Spesso si faceva visita ai suoi genitori, e loro si affrettavano a rendere ogni nostro arrivo un'occasione mondana. Mi si faceva pesare solo il mio rifiuto al matrimonio con la loro figlia, la nostra convivenza senza ufficialità e sicurezze legalizzate.
Ma
Giulia non se ne preoccupava affatto; non voleva avere alcun dubbio sul nostro futuro, nemmeno sulla mia fedeltà alla nostra coppia. Io cominciai a tradirla, e finii col farlo con disprezzo.

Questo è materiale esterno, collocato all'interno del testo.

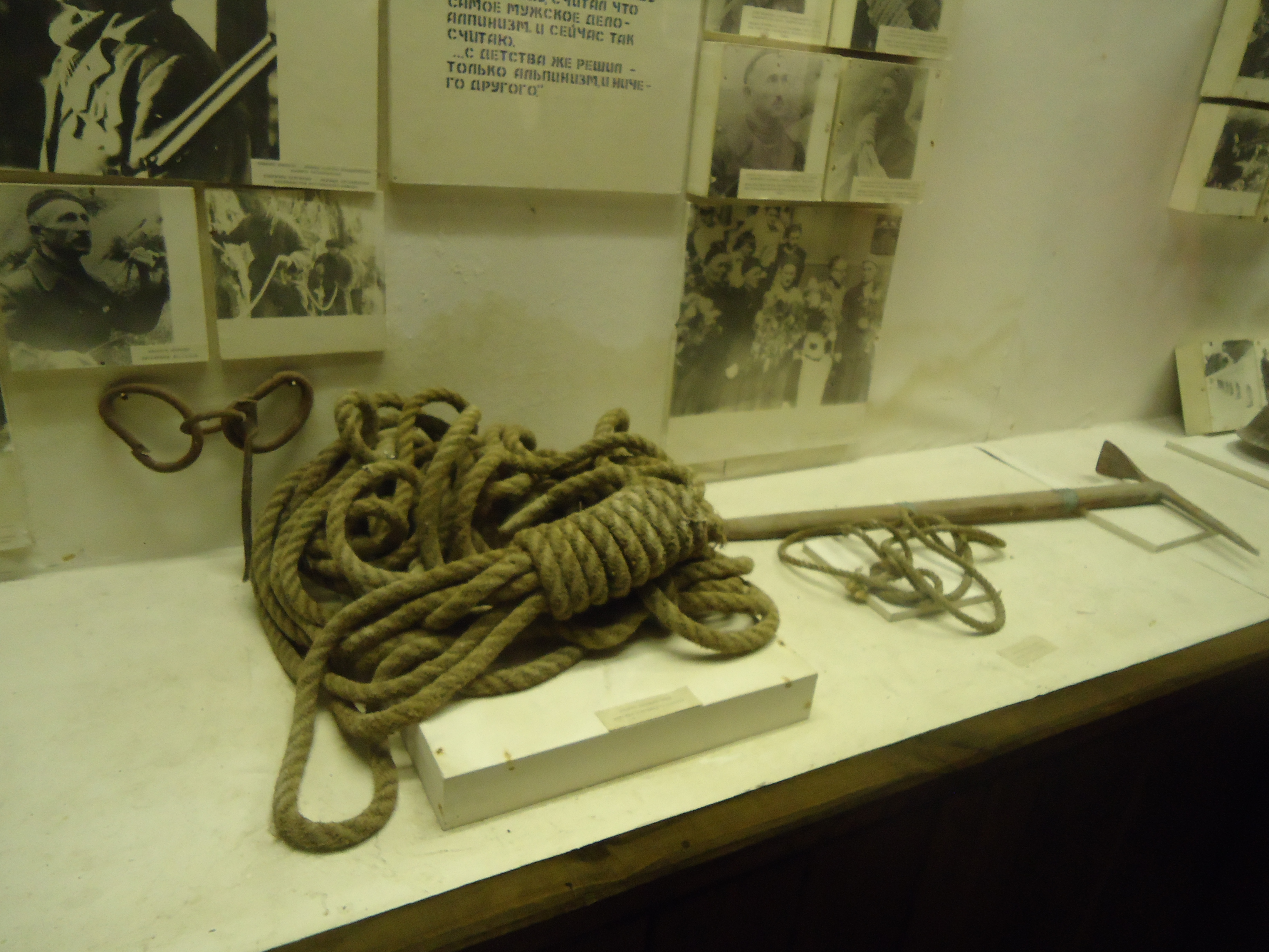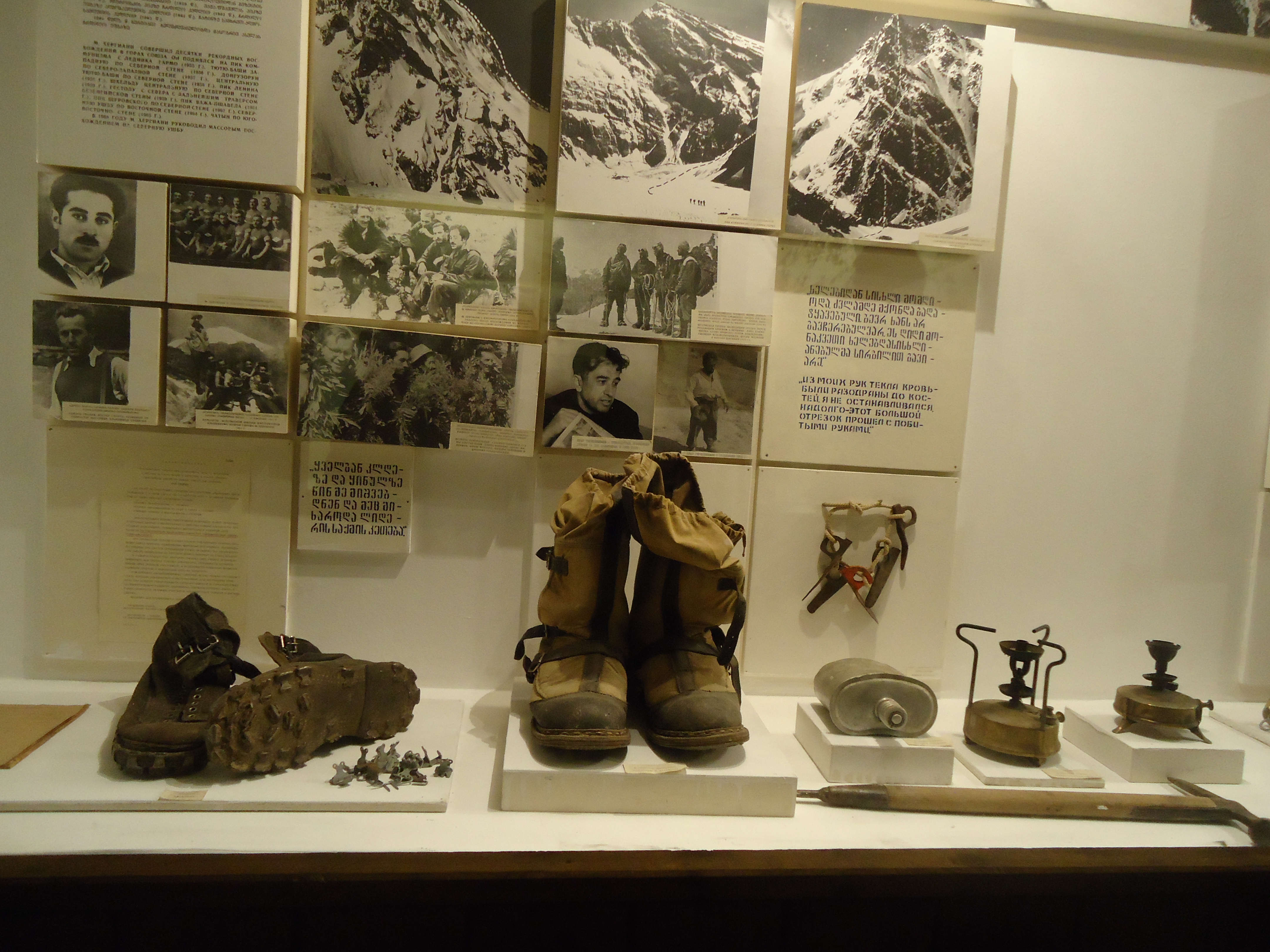 After then we visited Mikhail Khergiani House Museum. The museum was founded in 1983. Mikhail Khergiani became famous in Georgia and abroad by participating in many mountain expeditions and climbing competitions. Khergiani was distinguished by his exquisite rock climbing abilities; he saved many people during mountain rescue missions. Khergiani died tragically in Italy, in the Dolomites Mountains in 1969. The exposition in the museum documents episodes from his life. The materials exhibited in the museum belong to him. The daughter of Nazo Khergiani guided us and told many interesting details about her uncle.

Amavo appassionatamente, così come suonavo il violoncello. Cominciavo a pensare alla brevità della vita, del piacere; avevo paura della malattia, pur godendo di una salute eccezionale. Il sesso divenne un'ossessione continua e incontrollabile: trovavo irrinunciabile masturbarmi dopo ogni concerto, anche quando portavo al mio albergo una donna. Era un gioco da felino, col topo che subisce per il puro esercizio del piacere del gatto, o forse era solo la rabbia che portavo dentro di me, per quell'inganno costante che era la mia dichiarazione d'amore o d'affetto per
Giulia; c'era solo disgusto per me stesso, proiettato su di lei, sul suo corpo, sulla sua pelle, sul suo viso, nel suono della sua voce. Allontanandomi da Giulia, tutto il mio errore iniziava ad affiorare alla mia coscienza, e io lo ricacciavo nel profondo, dov'era la pena più insopportabile del mio esser solo, esiliato in spazi desolati. Pensavo che qualsiasi fosse la verità, era divenuta inutile... mentre le parlavo affettuosamente della nostra vita insieme, odiavo ogni cosa di Giulia; provavo repulsione per il suo sesso mentre lo eccitavo al contatto del mio; violentavo quel suo corpo per punirmi dell'averlo violato, e riuscivo solo a sperare che potesse cessare al più presto quell'assurda condanna, con qualcosa, qualsiasi cosa, capace di interromperla, di rivoluzionare la mia vita, di spezzare le sbarre di quella gabbia così stupida... Eppure non riuscivo a credere ad altro che a un'inerzia dannata, proiettata solo verso la mia morte, all'annullamento.
Ma il mattino del primo giorno di novembre, fra la posta, c'era una lettera da Vienna per me. Era di Ahasvero.